Records drawn from a dataset:
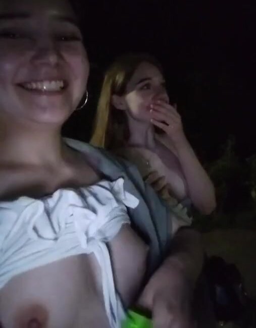 Girls livestreaming in a public park show 2
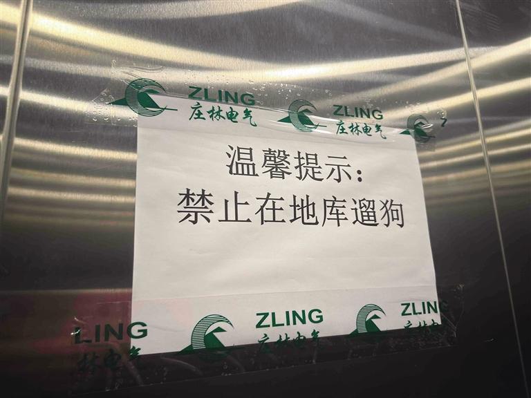 “我们小区地库光线本来就暗,拐角又多,上次我差点撞到突然蹿出来的狗。”正在取车的业主李女士告诉记者,她曾多次在业主群反映此类问题,但始终没有得到有效解决。在该小区地下车库入口处,记者看到有物业张贴的“禁止遛狗”标识。
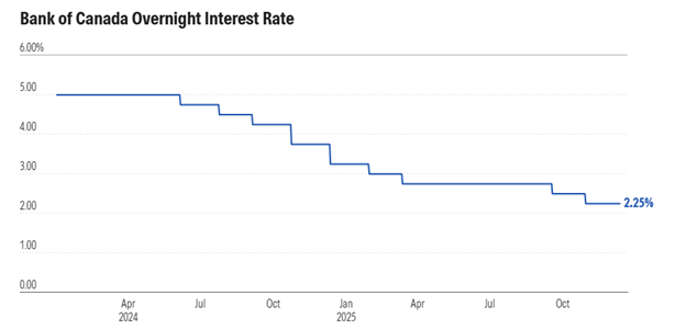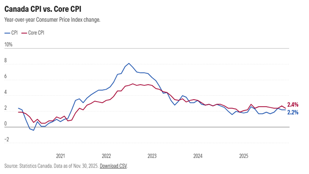 After years of headlines dominated by price spikes, 2025 was the year inflation finally cooled. In Canada, inflation fell into the mid-2% range as supply chains normalized and energy prices eased. Inflation didn’t disappear entirely and the damage that was done since 2022 will not be reversed. Still, compared to the turbulence of 2022 and 2023, 2025 was a year of progress in restoring price stability.
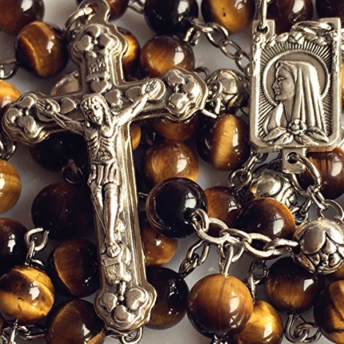 elegantmedical CATHOLIC Tiger Eye & Silver Rose Beads ROSARY CROSS crucifix necklace 4
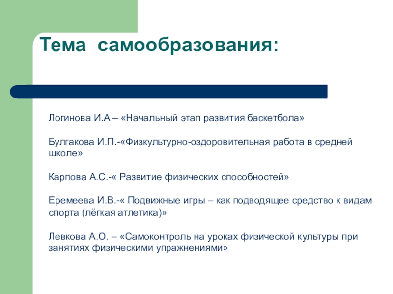 Тема самообразования: Логинова И.А – «Начальный этап развития баскетбола»Булгакова И.П.-«Физкультурно-оздоровительная работа в средней школе»Карпова А.С.-« Развитие физических
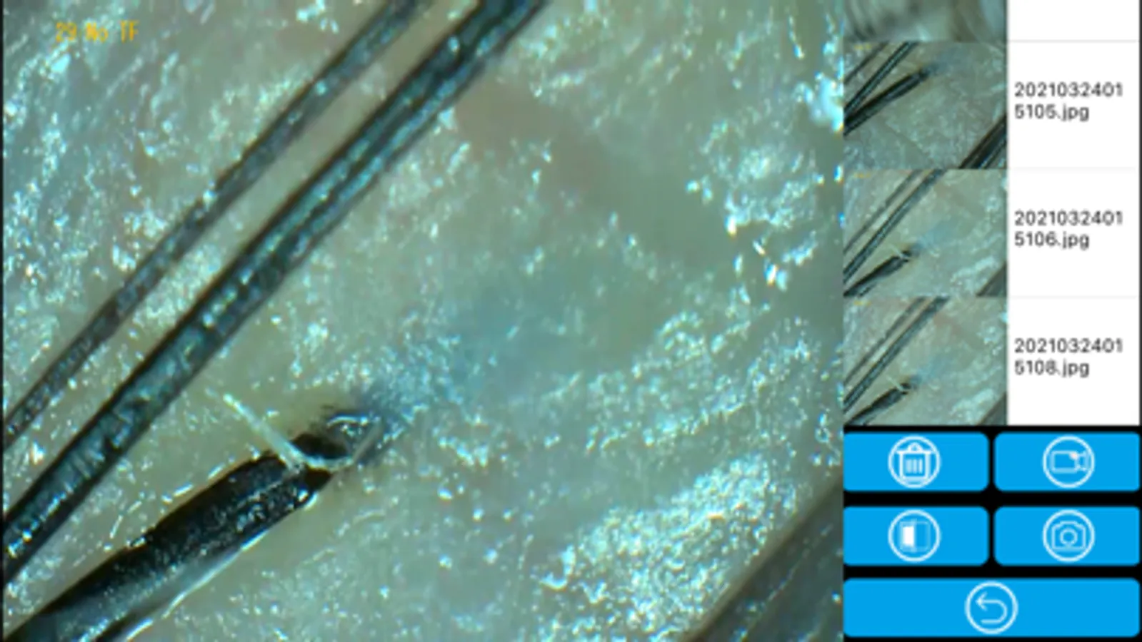 The device works in AP mode, and the mobile phone and device constitute a point-to-point network; through app link to the device to view the real-time video of scalp; to understand the growth of hair.

Work item: Retype the lines from the one containing "Тема самообразования: Логинова" down to the last line of the records, both included, exactly and nothing more. Pictures stay out.

Answer to the exercise:
 Тема самообразования: Логинова И.А – «Начальный этап развития баскетбола»Булгакова И.П.-«Физкультурно-оздоровительная работа в средней школе»Карпова А.С.-« Развитие физических
 The device works in AP mode, and the mobile phone and device constitute a point-to-point network; through app link to the device to view the real-time video of scalp; to understand the growth of hair.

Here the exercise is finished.